Как ни кошмарен был их двухнедельный переход в Кременчуг, но и он несравним с тем, что ожидало пленных в лагере, разбитом под открытым и уже дождливым небом холодного октября.

Пустырь перед заброшенным кирпичным заводом фашисты разгородили колючей проволокой на сорок клеток, и в каждой из них, кроме одной пустовавшей, было по тысяче пленных. Лагерь явно предназначался для их истребления самым дешевым для фашистов путем.

Разве стоила что-нибудь бурда без соли, сваренная из половы или перегнившей пшеницы? Эту бурду фольксдойче — немцы, проживавшие до войны вне Германии, — разливали пленным из двенадцати врытых в землю деревянных бочек. Всего раз в день и всего по одному пол-литровому черпаку, да и то далеко не полному. Кто-то из пленных попытался сказать об этом разливальщику и тут же свалился замертво от удара кастетом по голове: на раздаче «пищи» всегда дежурили и эсэсовцы.

Смерть поджидала если не от голода, то от болезней: косила людей жестокая простуда, дизентерия. Уже появился и: тиф, неотвратимый еще и потому, что даже истертая в труху солома, на которой спали, кишела вшами. И с каждым днем чаще свистели хлысты с пульками на концах, звучали выстрелы.
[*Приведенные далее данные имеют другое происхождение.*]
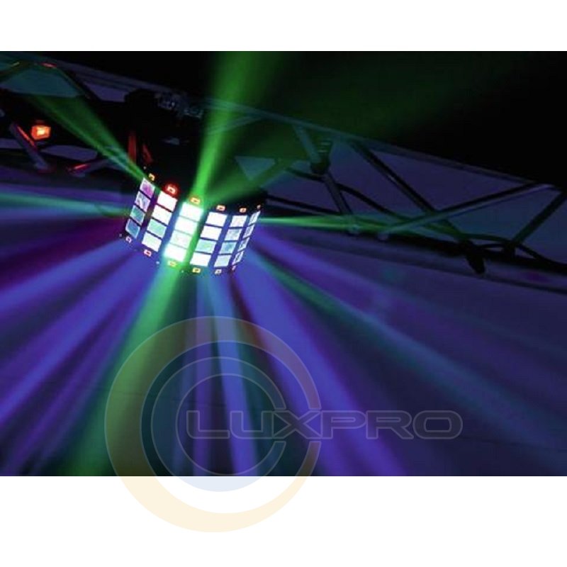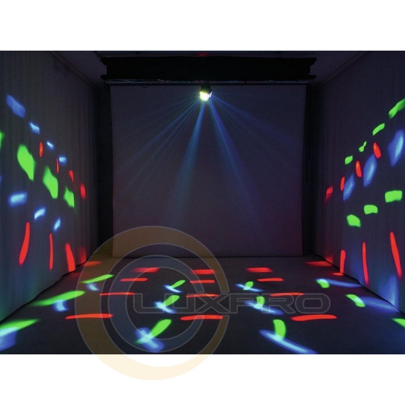 - Оснащен светодиодами 3 x 3 Вт красные, зеленые и синие и 14 x SMD белых светодиодов.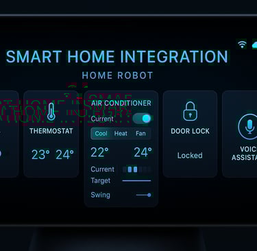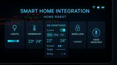 The robot integrates with smart home systems to control lighting, temperature, and humidity. This makes the living environment more comfortable and easier for seniors to manage without physical effort.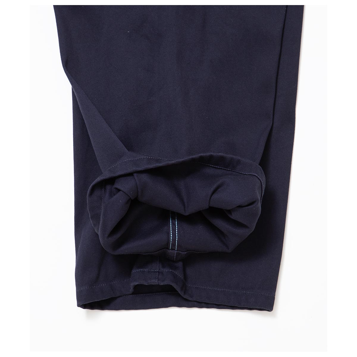 U.S. NAVYの甲板作業用ワークパンツにインスパイアされたアイテムです。 サイドシームのない太めのセーラーパンツシルエットが特徴。 テーパードを一切入れず、極太のバギーシルエットを採用。セーラーパンツ特有の裾広がりなフレアシルエットがとても新鮮です。 また、前後のパッチポケットは隙間なくぴったりと並び、低めの位置に配置されているため、手が入れやすい構造になっています。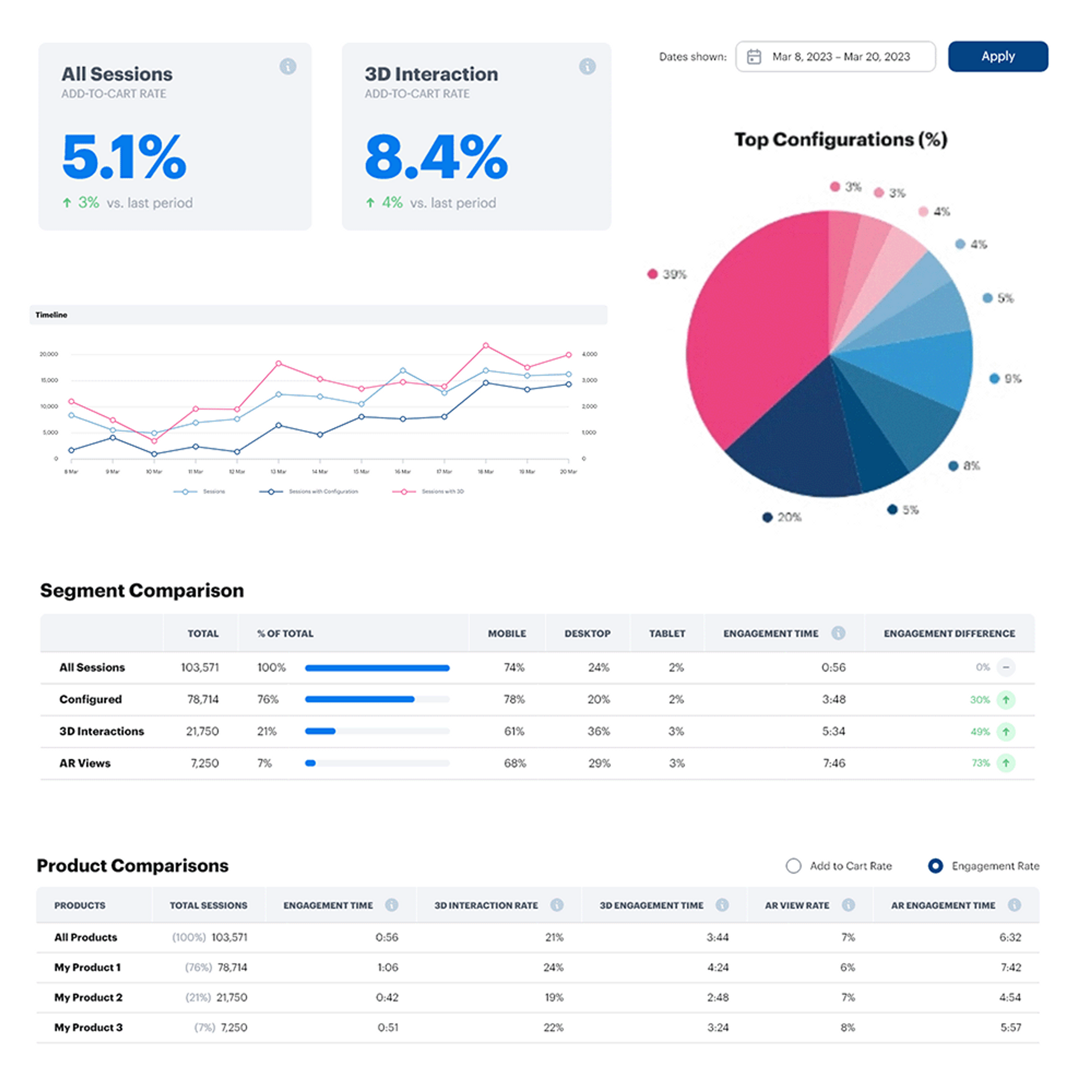 Gain crucial insights into your buyers’ behaviors with data illustating what configurations are most commonly chosen, how users interact with your 3D products, and where the next opportunity lies.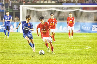 2025年江西省城市足球超级联赛(赣超)第三轮开打,鹰潭队在主场迎战来访的南昌队,最终南昌队3∶0取得联赛首胜。图为7月26日晚,在鹰潭市体育中心体育场,双方队员激烈拼抢。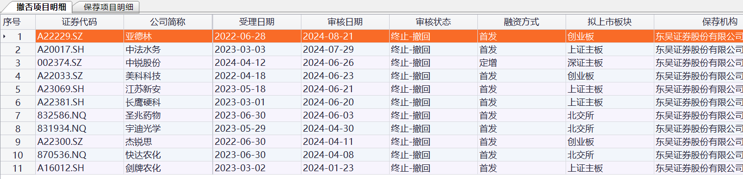 根据Choice金融终端,东吴证券2024年保荐项目共18个,其中11个主动撤回,撤否率超60%。2024年1月,剑牌农化IPO项目撤单。值得关注的是,2021年12月,东吴证券两名保荐代表人冯颂、李强因在剑牌农化IPO项目执业过程中未能勤勉尽责,对发行人应收票据等事项核查不充分,被中国证监会出具警示函。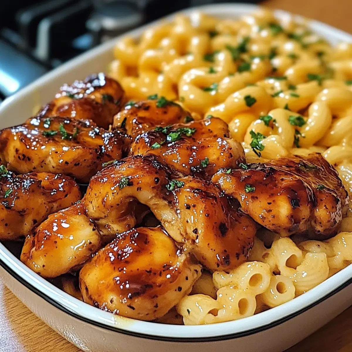 Schritt-für-Schritt-Anleitung für Honig Knoblauch Butter Hähnchen mit Makkaroni und Käse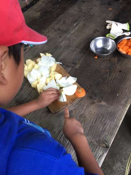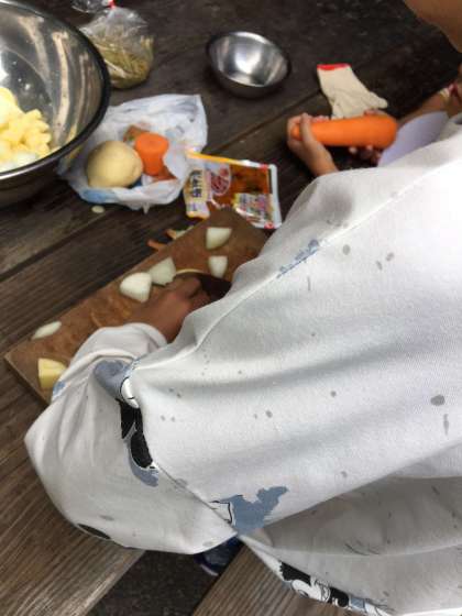 包丁を使って、上手に野菜を切っています。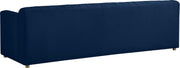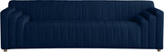 Express your bold, contemporary side with this Naya velvet sofa. This handsome piece is upholstered in navy velvet and blends seamlessly with the other units in the Naya collection, or it looks equally as beautiful on its own. Deep channel tufts run the length of the back, arms and seats of this unit, ensuring its exceptional comfort while giving it a decidedly modern vibe.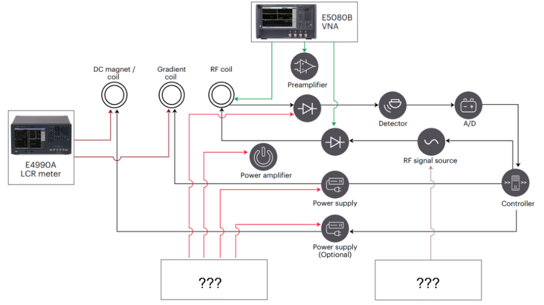下圖是核磁共振設(shè)備組件測試與儀器的對應(yīng)圖片,你知道下面被隱去的兩臺儀器是什么嗎?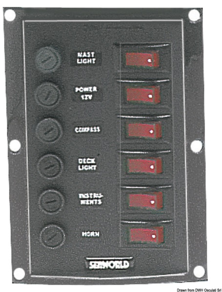 Materiale elettrico Pannelli e quadri elettrici Pannello elettrico in nylon Con interruttore a bascula luminosi. Ignifugo, stampato a iniezione di colore nero.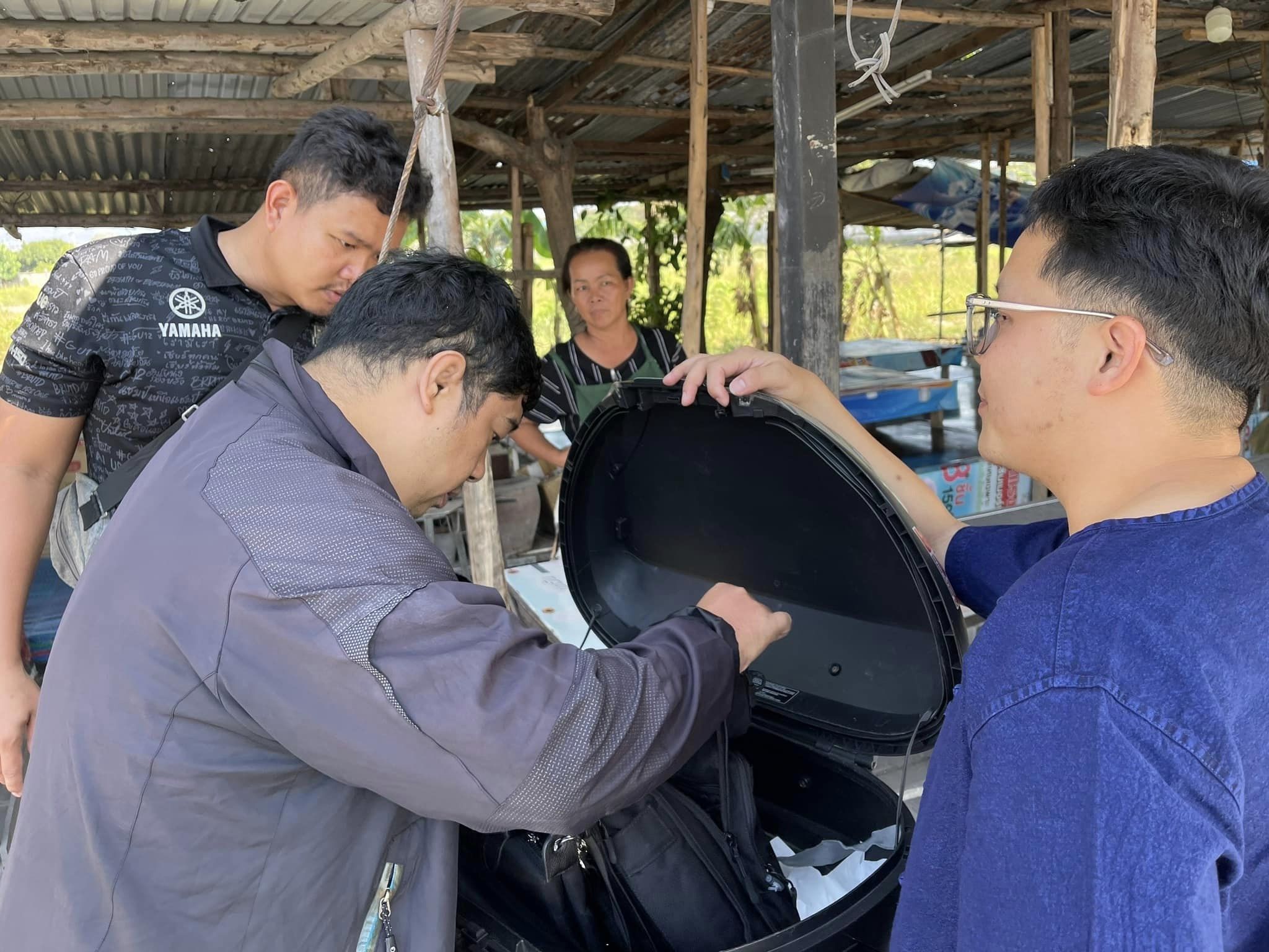 จนพบว่ากล่องเก็บของฯ ดังกล่าว ตกหล่นบริเวณแยกสุขุมวิทอ่างศิลา ต.อ่างศิลา อ.เมืองชลบุรี จ.ชลบุรี (นอกเขต สภ.เมืองชลบุรี) และ ได้มีคนเก็บไปฯ
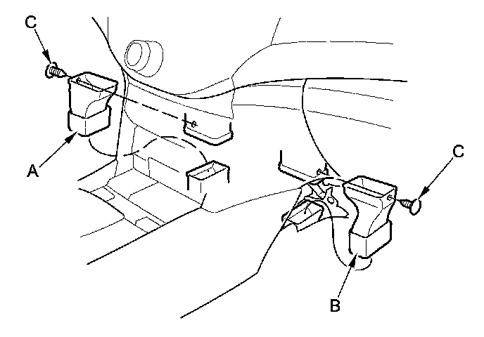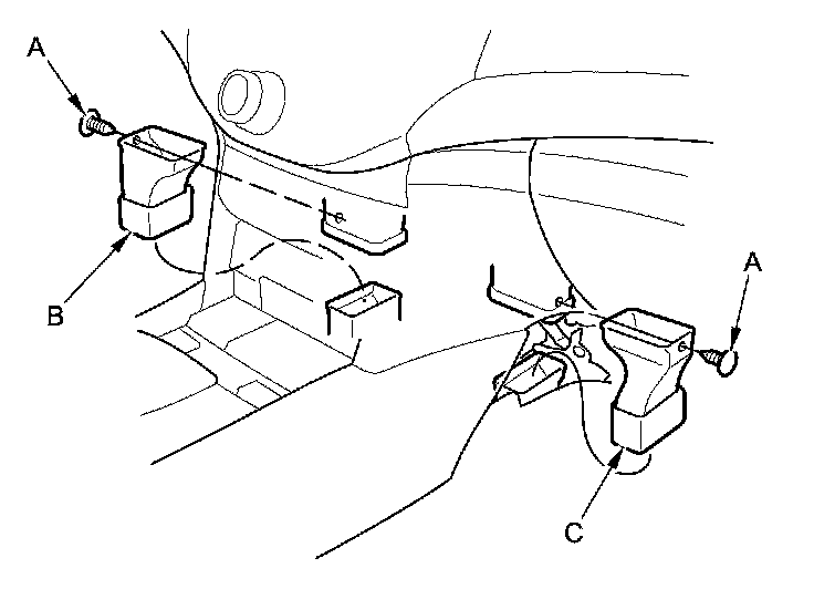 3. Remove the clips (A), then remove the left and right heater ducts (B, C).

Вдоль проволоки робко бродили женщины, пришедшие сюда с разных концов Украины в поисках братьев, мужей, отцов. Они выкрикивали имена и фамилии близких, старались что-то о них рассказать. Николай почти не вслушивался в эти женские голоса. Его некому было разыскивать. Но как раз в ту пору, когда он боролся за то, чтобы выжить, этот лагерь не раз обходила худая усталая женщина лет сорока пяти, из последних сил повторяя у каждой клетки одно:

— Литвиненко не видели? Кто встречал Литвиненко Владимира Кононовича? Он из Бобровицы, агроном... Служил в телефонно-кабельной роте... Товарищи! Кто встречал Литвиненко?..

Николай тогда этой женщины не заметил. Да и помочь бы ей не сумел: с бобровицким агрономом судьба Печенкина не сводила. Но с самой Натальей Александровной Литвиненко она сведет его совсем скоро.